Agent Integration

SocialSeed Tasker is designed to be the operational brain for autonomous coding agents. It provides the structured data and context that LLMs need to navigate a codebase effectively.

Code-as-Graph Context

When an agent starts working on an issue, it can request the "Code Context". Tasker analyzes the issue description and the code graph to identify relevant files and symbols.

tasker agent context --issue login_fix

This command returns a structured JSON containing:

  • Related code files and their summaries.
  • Key symbols (classes/functions) that might need modification.
  • Recent changes in related modules.

Reasoning Logs & History

Agents should log their decision-making process. This allows human architects to review the "Why" behind automated changes. You can also query the historical reasoning of any agent to understand past architectural choices.

Logging Reasoning

tasker agent reasoning --issue login_fix --thought "Refactoring JWT validator to use RS256" --decision "IMPLEMENTED"

Viewing History

tasker reasoning history --issue login_fix

This command displays a chronological list of thoughts, decisions, and confidence scores provided by agents for a specific issue.

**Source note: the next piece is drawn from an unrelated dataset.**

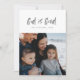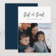 Este cartão com fotos apresenta a mensagem religiosa cristã "Deus é bom" num olhar manuscrito. Perfeito para mostrar todas as suas bênçãos nesta temporada de festas, esta placa vertical apresenta uma grande forma de fotografia quadrada. A parte de trás é marinho azul com pontos brancos de neve, mas a cor pode ser ajustada clicando em "personalizar".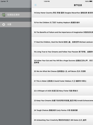 本应用精选的演讲可谓记录了时代的进步和历史重大时刻。例如由《时代》周刊权威评选出的十大毕业演讲,本应用就包括了乔布斯,J.K.罗琳和大卫·华莱士以及拉塞尔·贝克等人的时代之音。而由英国《卫报》评选出的最经典演讲则包括了英国二战时首相丘吉尔和大家熟知的铁娘子撒切尔夫人激情演讲等。

AI Suggestions & Semantic Search

Tasker indexes issues and code symbols using vector embeddings. Agents can use semantic search to find similar past issues and how they were solved, or get intelligent suggestions for the current task.

Get Suggestions

tasker agent suggest --issue login_fix --limit 3

Analyzes the current issue and searches the graph for the most relevant historical context and similar resolved tasks.

RAG Search

tasker rag search "how to handle concurrent database connections"

Agent Lifecycle Tracking

Tasker tracks which agent is working on which issue, providing real-time visibility into the autonomous development process.

Status Description
AGENT_WORKING Flag indicating an AI is currently modifying the component.
PENDING_REVIEW Issue implemented by an agent, waiting for human verification.